===== Records shown =====

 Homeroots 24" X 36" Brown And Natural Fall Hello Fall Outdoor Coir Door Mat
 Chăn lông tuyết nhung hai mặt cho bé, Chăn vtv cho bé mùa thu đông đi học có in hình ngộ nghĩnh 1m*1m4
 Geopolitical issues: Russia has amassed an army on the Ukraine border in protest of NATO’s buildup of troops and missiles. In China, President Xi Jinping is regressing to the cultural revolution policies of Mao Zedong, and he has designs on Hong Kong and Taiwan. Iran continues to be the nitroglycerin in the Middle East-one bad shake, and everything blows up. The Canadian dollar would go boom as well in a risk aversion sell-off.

=====
===== Records shown =====

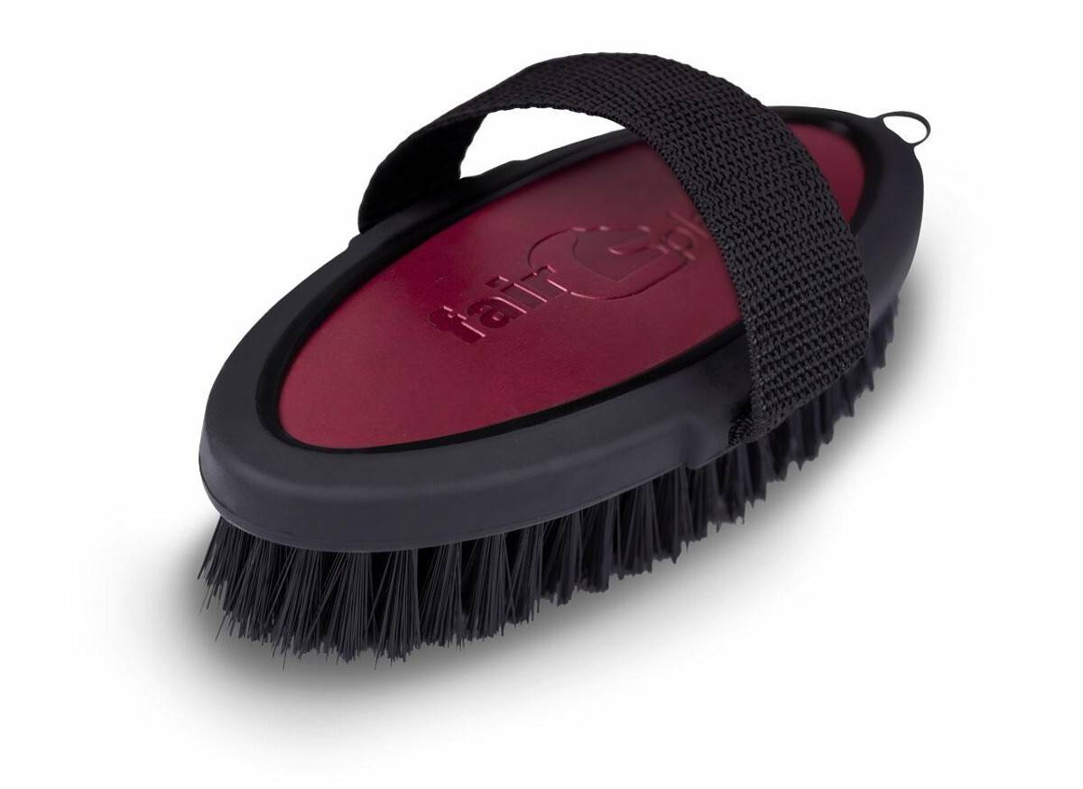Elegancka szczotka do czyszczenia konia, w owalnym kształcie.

=====

■ What you should do
Starting with the line with "Coir Door Mat" above and going on through the line with "Geopolitical issues: Russia", transcribe every line exactly, both ends included, and add nothing.

■ Answer
 Homeroots 24" X 36" Brown And Natural Fall Hello Fall Outdoor Coir Door Mat
 Chăn lông tuyết nhung hai mặt cho bé, Chăn vtv cho bé mùa thu đông đi học có in hình ngộ nghĩnh 1m*1m4
 Geopolitical issues: Russia has amassed an army on the Ukraine border in protest of NATO’s buildup of troops and missiles. In China, President Xi Jinping is regressing to the cultural revolution policies of Mao Zedong, and he has designs on Hong Kong and Taiwan. Iran continues to be the nitroglycerin in the Middle East-one bad shake, and everything blows up. The Canadian dollar would go boom as well in a risk aversion sell-off.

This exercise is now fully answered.